Work to complete: Quote the records beneath, complete and exact. Leave out images.

[[ Input data, beginning ]]

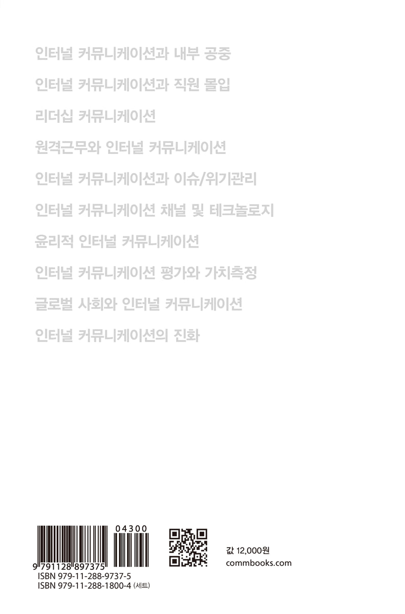 01 인터널 커뮤니케이션과 내부 공중 02 인터널 커뮤니케이션과 직원 몰입 03 리더십 커뮤니케이션 04 원격근무시대와 인터널 커뮤니케이션 05 인터널 커뮤니케이션과 이슈/위기관리 06 인터널 커뮤니케이션 채널 및 테크놀로지 07 윤리적 인터널 커뮤니케이션 08 인터널 커뮤니케이션 평가와 가치측정 09 글로벌 사회와 인터널 커뮤니케이션 10 인터널 커뮤니케이션의 진화 |
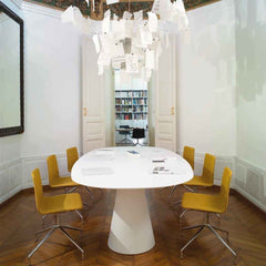Chair with four star aluminum swivel central base and self-return system in polished aluminum finish but also available in other aluminum colors. Thermo-polymer seat and backrest available in several colors. Optional fully upholstered shell or parallel upholstery stitching.
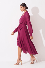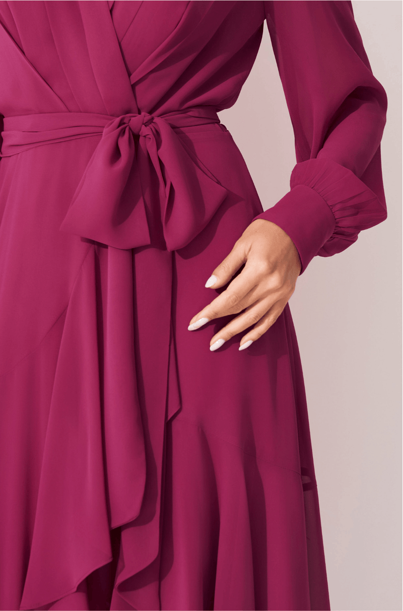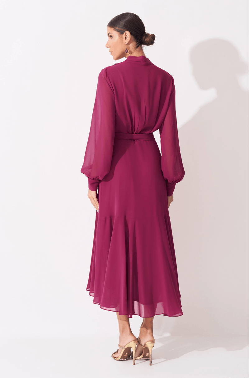 Vestido midi em chiffon que traz transparência e leveza. Decote V transpassado com pregas nos ombros e gola criando lindo caimento. As mangas longas bufantes com punho trazem um toque de transparência delicada. Saia midi com transpasse e babado assimétrico trazendo movimento fluido ao caminhar. É o modelo versátil para usar em compromissos diurnos ou noturnos, apenas mudando os acessórios. Detalhes da peça: - Decote V com transpasse - Pregas nos ombros e gola - Mangas longas bufantes com punho - Saia transpassada - Babados assimétricos na saia #DicaAmiga: Para um look diurno aposte em sapatilhas ou sandálias delicadas e rabo de cavalo alto para criar um visual feminino e prático. Já para noite, pode apostar em um batom marcante, salto alto e acessórios brilhantes.
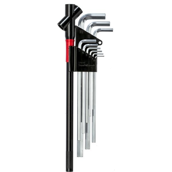 硬質クロームメッキ処理を施した六角棒レンチセットです。本締め、早回しに適した電着塗装ハンドル付きです。
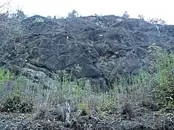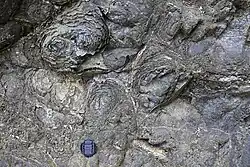 Tzv. chuchelské růžičky, několikacentimetrové kamenné útvary vzniklé kulovým rozpadem diabasu, vyvřelého na mořském dně -
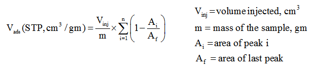 2. The volume of active gas chemisorbed is calculated using volume injected Vinj and from area under the peaks as follows.
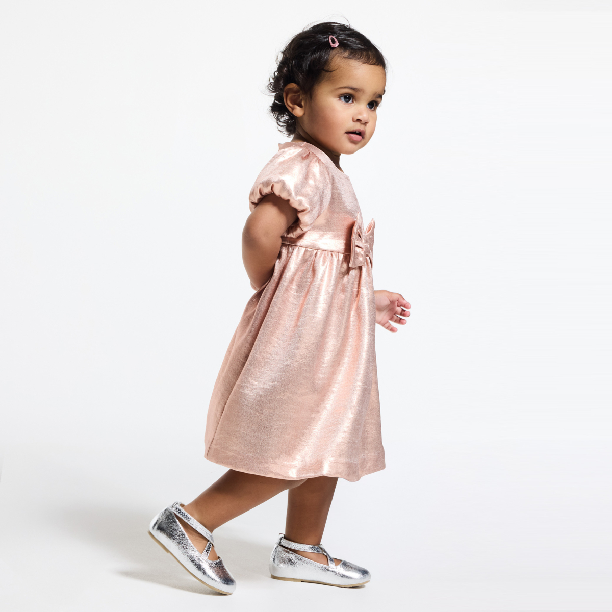 فستان أنيق بربطة خصر ومظهر لامع، باللون الوردي للفتيات الصغيرات

[[ Input data, end ]]

Task response:
 01 인터널 커뮤니케이션과 내부 공중 02 인터널 커뮤니케이션과 직원 몰입 03 리더십 커뮤니케이션 04 원격근무시대와 인터널 커뮤니케이션 05 인터널 커뮤니케이션과 이슈/위기관리 06 인터널 커뮤니케이션 채널 및 테크놀로지 07 윤리적 인터널 커뮤니케이션 08 인터널 커뮤니케이션 평가와 가치측정 09 글로벌 사회와 인터널 커뮤니케이션 10 인터널 커뮤니케이션의 진화 |
Chair with four star aluminum swivel central base and self-return system in polished aluminum finish but also available in other aluminum colors. Thermo-polymer seat and backrest available in several colors. Optional fully upholstered shell or parallel upholstery stitching.
 Vestido midi em chiffon que traz transparência e leveza. Decote V transpassado com pregas nos ombros e gola criando lindo caimento. As mangas longas bufantes com punho trazem um toque de transparência delicada. Saia midi com transpasse e babado assimétrico trazendo movimento fluido ao caminhar. É o modelo versátil para usar em compromissos diurnos ou noturnos, apenas mudando os acessórios. Detalhes da peça: - Decote V com transpasse - Pregas nos ombros e gola - Mangas longas bufantes com punho - Saia transpassada - Babados assimétricos na saia #DicaAmiga: Para um look diurno aposte em sapatilhas ou sandálias delicadas e rabo de cavalo alto para criar um visual feminino e prático. Já para noite, pode apostar em um batom marcante, salto alto e acessórios brilhantes.
 硬質クロームメッキ処理を施した六角棒レンチセットです。本締め、早回しに適した電着塗装ハンドル付きです。
 Tzv. chuchelské růžičky, několikacentimetrové kamenné útvary vzniklé kulovým rozpadem diabasu, vyvřelého na mořském dně -
 2. The volume of active gas chemisorbed is calculated using volume injected Vinj and from area under the peaks as follows.
 فستان أنيق بربطة خصر ومظهر لامع، باللون الوردي للفتيات الصغيرات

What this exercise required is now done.